The end of trend

Nicholas Kristof is correct to say that men should not be written off, but for the wrong reasons:

With women making far-reaching gains, there’s a larger question. Are women simply better-suited than men to today’s jobs? The Atlantic raised this issue provocatively in this month’s issue with a cover story by Hanna Rosin bluntly entitled, “The End of Men.”

“What if the modern, postindustrial economy is simply more congenial to women than to men?” Ms. Rosin asked. She adds: “The postindustrial economy is indifferent to men’s size and strength. The attributes that are most valuable today — social intelligence, open communication, the ability to sit still and focus — are, at a minimum, not predominately male. In fact, the opposite may be true.”

It’s a fair question, and others also have been wondering aloud if a new age of femininity is dawning. After all, Ms. Rosin notes that Americans who use high-tech biology to try to pick a baby’s sex seek a girl more often than a boy. And women now make up 51 percent of professional and managerial positions in America, up from 26 percent in 1980.

This demonstrates the problem with the linear thinker. Those who see the transformation of the workforce and academia into female-majority populations are assuming that the present post-industrial system is sustainable. But it isn’t. It’s true that women will continue to collect more and more worthless degrees than men and fill more and more needless paper-shifting jobs than men right up until the point at which a debt-laden society can no longer afford to pay for people to learn nothing and do nothing.

A private sector job which exists solely to comply with government-dictated paperwork is every bit as government-manufactured and unproductive as a public sector job. And that is precisely the type of job which is going to disappear entirely once the debt edifice collapses and the extent of the dollar-denominated imaginary economy is revealed.

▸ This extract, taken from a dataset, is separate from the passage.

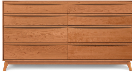
8 Drawer 2-CAL-80-XX 66 1/8"w x 18"l x 36"h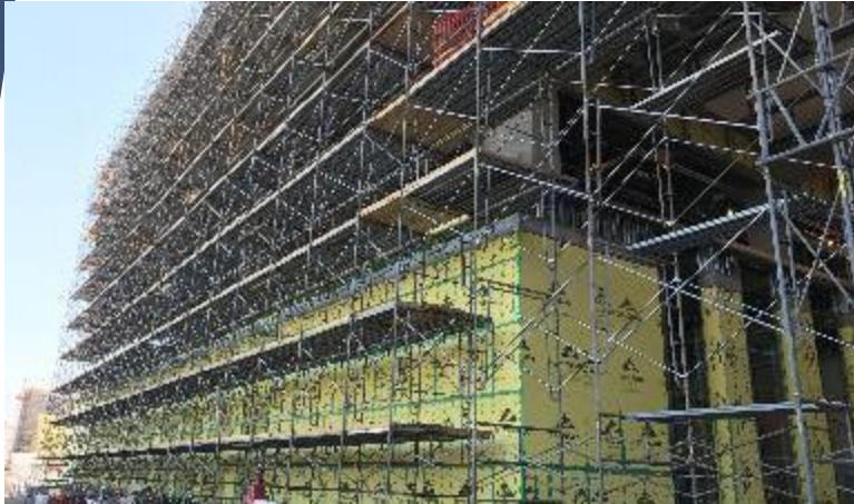
Scaffolding on Northwest Building Elevation

Just as stripping out the debt-funded component of GDP reveals that there has been no actual economic growth for decades, stripping out the paperwork jobs will demonstrate that the real labor force is still roughly 2/3rd male, just as it was in 1950.

Note for the historically illiterate. Women have ALWAYS worked. One-third of the labor force has ALWAYS been female. A more accurate description of “women in the workplace” is “middle-class mothers in the workplace”. The idea of the American stay-at-home mother was always a fundamentally middle-class one, and now, thanks to the increase in the labor supply combined with increasing taxes, most middle-class couples require two incomes in order to stay middle-class.

And the idea that the few Americans (300 million) who use sex selection technology to choose girls are going to counterbalance the millions of Chinese and Indians (2.3 billion) who use it to select boys is obviously absurd.

The non-linear thinker is forced to contemplate very different questions. Rather than occupy himself with asking if men are at an end or will be employable in a world of government-dictated make-work, he is forced to ask when the inevitable employment and academic collapse will take place in America and when the war between China and India, never officially ended, will resume. In other words, is it the end of men or the end of a societal trend?